Home » Rupiah Masih Melemah Jelang Sabda The Fed

Rupiah Masih Melemah Jelang Sabda The Fed

by Tia

KABAREKONOMI.ID – Nilai tukar rupiah kembali mencatatkan kinerja yang mengecewakan melawan dolar Amerika Serikat (AS) pada perdagangan Selasa (1/11/2022), pasca rilis inflasi Indonesia periode Oktober yang mulai melandai.

Mengacu pada data Refinitiv, rupiah terkoreksi pada pembukaan perdagangan sebesar 0,16% ke Rp 15.620/US$. Kemudian, rupiah melanjutkan pelemahannya sebesar 0,35% ke Rp 15.650/US$ pada pukul 11:10 WIB.

Pada penutupan perdagangan rupiah tembus ke Rp 15.625/US$ melemah 0,19% di pasar spot. Sentimen positif Tanah Air nyatanya belum mampu membawa rupiah menguat.

Para pelaku pasar kini tengah fokus menanti pengumuman kebijakan moneter The Fed pada Kamis (3/10/2022) dini hari waktu Indonesia. Bank sentral The Fed ini diperkirakan akan kembali menaikkan suku bunga sebesar 75 basis poin menjadi 3,75% – 4%.

Melansir FedWatch, sebanyak 87,2% analis memprediksikan Fed akan menaikkan suku bunga acuan 75 bps dan mengirim tingkat suku bunga ke 3,75%-4%. Sementara 12,8% memproyeksikan kenaikan 50 bps.

Pasar sudah jauh-jauh hari mengantisipasi kenaikan tersebut, jika The Fed juga memberi kejutan, tentunya akan berdampak positif ke pasar finansial global, termasuk Indonesia. Pun, jika tidak ada kejutan, pasar akan melihat bagaimana proyeksi kenaikan ke depannya, apakah akan dikendurkan juga, mengingat pendapat para pejabat The Fed sudah terbelah.

Asal tahu saja, Fed sudah menaikkan suku bunga acuan sejak Maret 2022 hingga September 2022 sebesar 300 bps. Suku bunga dikerek naik dari 0,25% menjadi 3,25%. Apabila Fed menaikkan suku bunga acuan sebesar 75 bps lagi maka suku bunga acuan akan berada di 4% untuk bulan November 2022.

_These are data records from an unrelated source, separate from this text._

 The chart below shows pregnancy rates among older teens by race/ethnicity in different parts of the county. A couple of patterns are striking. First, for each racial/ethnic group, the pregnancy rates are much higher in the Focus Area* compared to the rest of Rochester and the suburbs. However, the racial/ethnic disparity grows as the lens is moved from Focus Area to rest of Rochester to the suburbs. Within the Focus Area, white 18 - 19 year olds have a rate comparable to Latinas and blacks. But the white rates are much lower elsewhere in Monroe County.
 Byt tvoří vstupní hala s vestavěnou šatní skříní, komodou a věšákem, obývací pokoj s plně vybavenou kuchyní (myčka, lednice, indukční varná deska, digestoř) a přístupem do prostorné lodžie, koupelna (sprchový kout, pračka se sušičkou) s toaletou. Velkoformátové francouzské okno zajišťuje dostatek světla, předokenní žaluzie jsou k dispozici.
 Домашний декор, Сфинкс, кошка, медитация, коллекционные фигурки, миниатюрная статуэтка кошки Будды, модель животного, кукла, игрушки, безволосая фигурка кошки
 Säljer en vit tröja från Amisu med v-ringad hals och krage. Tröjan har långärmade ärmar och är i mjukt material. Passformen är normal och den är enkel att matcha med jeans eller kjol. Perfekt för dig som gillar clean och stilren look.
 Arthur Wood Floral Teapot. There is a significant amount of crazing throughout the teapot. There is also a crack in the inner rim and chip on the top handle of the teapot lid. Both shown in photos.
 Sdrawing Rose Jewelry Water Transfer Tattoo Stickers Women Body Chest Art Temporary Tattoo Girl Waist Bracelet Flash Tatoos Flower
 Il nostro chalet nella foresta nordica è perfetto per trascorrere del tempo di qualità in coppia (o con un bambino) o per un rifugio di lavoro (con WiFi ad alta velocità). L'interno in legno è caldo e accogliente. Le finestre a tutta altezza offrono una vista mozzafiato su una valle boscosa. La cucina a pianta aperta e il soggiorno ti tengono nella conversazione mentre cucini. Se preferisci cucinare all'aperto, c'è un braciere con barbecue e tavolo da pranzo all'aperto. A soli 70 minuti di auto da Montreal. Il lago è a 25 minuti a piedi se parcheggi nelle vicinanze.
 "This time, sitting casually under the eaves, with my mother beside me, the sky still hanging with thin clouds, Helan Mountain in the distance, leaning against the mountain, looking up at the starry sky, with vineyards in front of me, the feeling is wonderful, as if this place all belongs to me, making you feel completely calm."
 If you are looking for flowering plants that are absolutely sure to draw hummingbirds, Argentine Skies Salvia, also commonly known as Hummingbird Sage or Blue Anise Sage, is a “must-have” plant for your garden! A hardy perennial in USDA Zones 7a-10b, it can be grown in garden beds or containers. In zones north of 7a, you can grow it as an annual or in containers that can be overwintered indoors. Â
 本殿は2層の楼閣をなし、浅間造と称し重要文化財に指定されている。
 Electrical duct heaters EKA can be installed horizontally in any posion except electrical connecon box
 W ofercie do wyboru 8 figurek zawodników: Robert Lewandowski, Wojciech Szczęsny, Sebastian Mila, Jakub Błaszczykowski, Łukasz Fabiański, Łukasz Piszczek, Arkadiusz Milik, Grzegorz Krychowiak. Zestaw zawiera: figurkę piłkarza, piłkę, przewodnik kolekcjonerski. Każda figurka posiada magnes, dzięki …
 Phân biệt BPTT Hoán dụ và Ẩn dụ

Di sisi lain, tadi pagi ada kabar baik dari dalam negeri. S&P Global telah merilis PMI Manufaktur Indonesia per Oktober 2022, turun menjadi 51,8 dari posisi pada bulan sebelumnya di 53,7. Meski melandai, tapi PMI Manufaktur masih ekspansif karena berada di atas batas acuan di 50, sedangkan di bawahnya menunjukkan kontraksi.

Pertumbuhan permintaan keseluruhan yang berkelanjutan di sektor manufaktur Indonesia mendorong peningkatan produksi manufaktur di Oktober. Tingkat pertumbuhan pesanan baru dan output menurun dari bulan sebelumnya tapi tetap solid.

Di sisi lain, permintaan asing untuk barang-barang manufaktur Indonesia turun, tampaknya disebabkan oleh kondisi ekonomi global yang lebih lemah.

Tingkat kepercayaan pelaku bisnis menguat ke level tertinggi selama tujuh bulan, terkait dengan harapan bahwa penjualan akan membaik dengan kondisi ekonomi yang lebih baik ke depannya.

Di sisi lain, Badan Pusat Statistik (BPS) merilis data inflasi periode Oktober 2022 mencapai 5,71% secara year on year (yoy), lebih rendah dibandingkan periode sebelumnya yaitu 5,95%. Posisi tersebut lebih rendah dari konsensus analis yang dihimpun CNBC Indonesia terhadap 12 institusi yakni di 5,95%.

“Inflasi di Oktober ini terlihat mulai melemah. Pada Oktober 2022 terjadi inflasi sebesar 5,71%,” kata Deputi Bidang Statistik Distribusi dan Jasa (Disjas) BPS, Setianto dalam konferensi pers, Selasa (1/11/2022)

Adapun inflasi bulanan Oktober jauh lebih kecil dibandingkan yang tercatat pada September yakni 1,17% (mtm).

Diketahui ada beberapa kali penyesuaian harga energi pada beberapa waktu terakhir. Antara lain kenaikan Pertamax, Pertalite dan Solar pada awal September 2022. Kemudian 1 Oktober 2022, harga Pertamax diturunkan.